第32話 一変した日常 ⑤
そう考えていると、不意に背後から強い気配を感じた。誰かが近づいてくる。陽太はジャージのことを考えるのをやめ、気配の正体を確かめようとした。
「日野くん」
呼びかける声に振り向くと、そこにはストレートの茶髪を右側で三つ編みにし、鎖骨まで垂らした女子生徒が立っていた。
「錦織さん、どうしたんですか?」
彼女の瞳は潤いを帯びた黒。白と黒のコントラストがはっきりした聡明な目が、どこか優等生らしい雰囲気を漂わせていた。少し内気で真面目そうな印象の彼女の名前は 錦織茜寧。1年B組の委員長であり、管弦楽部のバイオリニストとしても知られている。慎助が管弦楽部の写真を撮ることができたのは、彼女の協力があったからだと聞いたことがある。
「昨日、身元安全確認シートの返信が遅かったようだけど、何かあったの?」
「あっ、それは……」
「きっと、彼が忘れてただけだろ。陽太は物忘れが多いから」
慎輔が横から口を挟むと、茜寧は一瞬彼を見てから、再び陽太に視線を戻した。
「そうでしょうか?」
「ええと……昨晩は妹と大怪獣映画を観ていて、つい夢中になってしまって……それで、メッセージの確認が遅れました。本当に申し訳ないです」
「そうですか。先生がクラス全員の安否確認を徹底するように指示していたので、返信が遅いと心配になりますよ」
「そうだったんですね……」
街の一部が壊滅的な被害を受けたばかりだというのに、こんな時に大怪獣映画の話をするのは不謹慎に思われるかもしれない。あるいは、災害の重大さを理解していないと思われる可能性もある。そう感じたのか、茜寧の声は柔らかいが、その表情は少し硬かった。
「日野くん、趣味に熱中するのは悪くないですが、たまにはニュースや時事ネタにも目を向けたほうがいいと思います。昨日のシャドマイラの襲撃では、今も行方不明の人がいて、ご家族を亡くした方もいます。

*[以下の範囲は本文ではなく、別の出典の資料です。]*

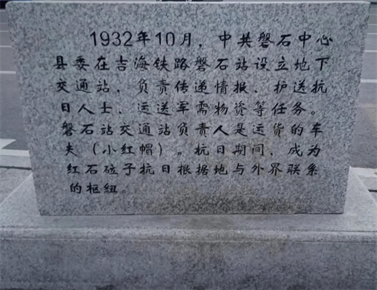 一九三二年十月,中国共产党磐石中心县委在吉林至海龙的铁路线上的磐石火车站设立了“地下交通站”。

あなたは天文観測で街を回ることが多いですよね?最近は行動を控えたほうがいいかもしれません」
彼女は厳しく叱るような言い方ではなく、災害で多くの人が傷ついたことを思う切なさを滲ませていた。
「ありがとう、気をつけるよ」
陽太は小さく頷いた。
教室がざわつく中、陽太はふと、強いエネルギーの気配を感じた。それは廊下を進み、教室の外で止まった。彼は無意識に教室の前の扉に目を向けた。
扉が開き、入ってきたのは50代の男性教諭。痩せた体に眼鏡をかけた、世界史の先生だ。彼は普段から存在感が薄く、気がつけば教卓に立っていることが多い。
「あっ、先生が来た」
その直後、1時間目の授業開始を告げるチャイムが鳴った。
茜寧は前に進み出て、クラスメイトたちに呼びかけた。
「みんな、授業が始まるよ。席についてください」
慎輔は、陽太が先生が入るよりも前に扉を見ていたことが気になったのか、目を僅かに細めて彼の横顔をじっと見つめていた。
授業が始まり、教室は静寂に包まれた。しかし、陽太にとっては静寂とは言えなかった。集中を妨げる原因が大幅に減ったせいか、彼のエネルギー感知能力はさらに鋭敏になり、校内の1000人以上の生徒や教師、そして机に組み込まれたパソコンまで、全ての熱量が一気に押し寄せてきた。
まるで人混みの中にいるような感覚。息苦しく、意識を保つのが難しい。
――この窒息しそうな感覚……どうすればいいんだ……?
「次の段落を読みたい人はいますか?」
授業に集中できないままでは、この感覚を抑えられそうにない。少しでも意識を分散させようと、陽太は迷わず手を挙げた。
「はい」
「日野くんか。いいでしょう。読んでください」
陽太は立ち上がり、ディスプレイに映し出された教材を読み始めた。異常に敏感になったエネルギー感知能力を抑えるには、何か別のことに意識を向けるしかない。授業が終わるまで、この違和感と戦い続けるしかなかった。